Exercise: From the line containing "Работа с Brave Browser" to the line containing "RT @IngerNoer: #arendalsuka" in the entries below, reproduce every line exactly, ends included. Nothing else belongs in the copy, and no pictures.

Material for this exercise:
=== Begin Enclosure ===

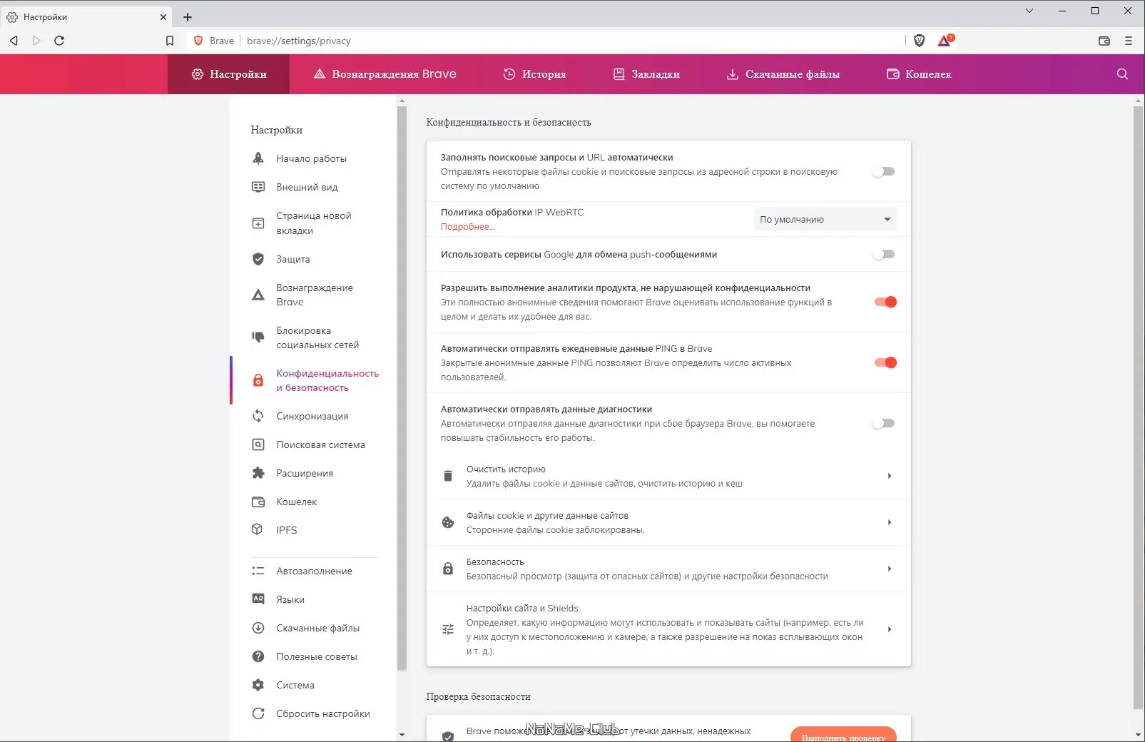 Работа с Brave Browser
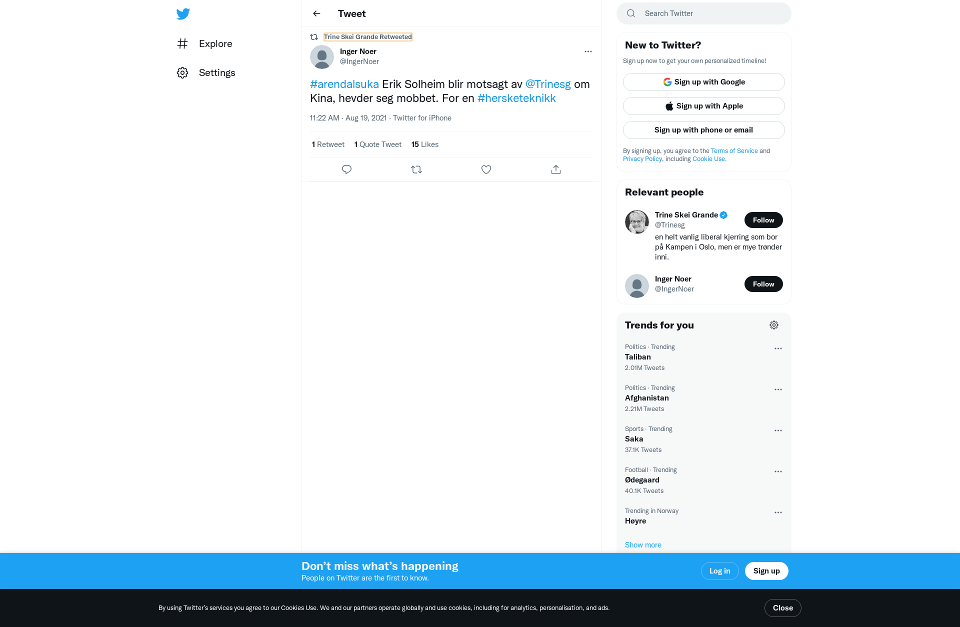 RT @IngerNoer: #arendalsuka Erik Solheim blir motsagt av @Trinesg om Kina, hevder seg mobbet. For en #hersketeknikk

=== End Enclosure ===
=== Begin Enclosure ===

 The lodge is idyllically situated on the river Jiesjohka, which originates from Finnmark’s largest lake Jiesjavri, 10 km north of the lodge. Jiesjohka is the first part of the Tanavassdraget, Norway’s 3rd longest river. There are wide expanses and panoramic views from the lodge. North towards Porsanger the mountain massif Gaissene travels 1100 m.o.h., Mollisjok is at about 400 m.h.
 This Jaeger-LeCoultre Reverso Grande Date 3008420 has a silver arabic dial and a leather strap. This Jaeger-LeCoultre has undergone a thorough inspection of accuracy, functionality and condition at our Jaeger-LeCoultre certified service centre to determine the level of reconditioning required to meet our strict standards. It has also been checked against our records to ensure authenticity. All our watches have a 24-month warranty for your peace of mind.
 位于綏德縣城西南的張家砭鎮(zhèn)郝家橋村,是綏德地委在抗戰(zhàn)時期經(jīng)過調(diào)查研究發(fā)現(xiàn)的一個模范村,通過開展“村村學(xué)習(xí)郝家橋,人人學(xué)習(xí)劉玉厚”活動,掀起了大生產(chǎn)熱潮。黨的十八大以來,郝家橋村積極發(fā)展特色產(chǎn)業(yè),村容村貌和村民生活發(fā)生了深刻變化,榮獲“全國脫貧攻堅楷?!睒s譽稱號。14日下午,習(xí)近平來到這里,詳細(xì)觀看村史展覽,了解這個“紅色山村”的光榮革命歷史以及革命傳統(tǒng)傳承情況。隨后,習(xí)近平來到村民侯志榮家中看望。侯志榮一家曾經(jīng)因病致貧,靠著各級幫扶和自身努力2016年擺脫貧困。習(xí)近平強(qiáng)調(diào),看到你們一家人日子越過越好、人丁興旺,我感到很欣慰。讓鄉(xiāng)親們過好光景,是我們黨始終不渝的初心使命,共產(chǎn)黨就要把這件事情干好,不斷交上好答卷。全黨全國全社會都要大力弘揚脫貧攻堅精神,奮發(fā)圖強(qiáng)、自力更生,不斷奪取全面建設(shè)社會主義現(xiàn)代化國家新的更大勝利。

=== End Enclosure ===

Response below:
 Работа с Brave Browser
 RT @IngerNoer: #arendalsuka Erik Solheim blir motsagt av @Trinesg om Kina, hevder seg mobbet. For en #hersketeknikk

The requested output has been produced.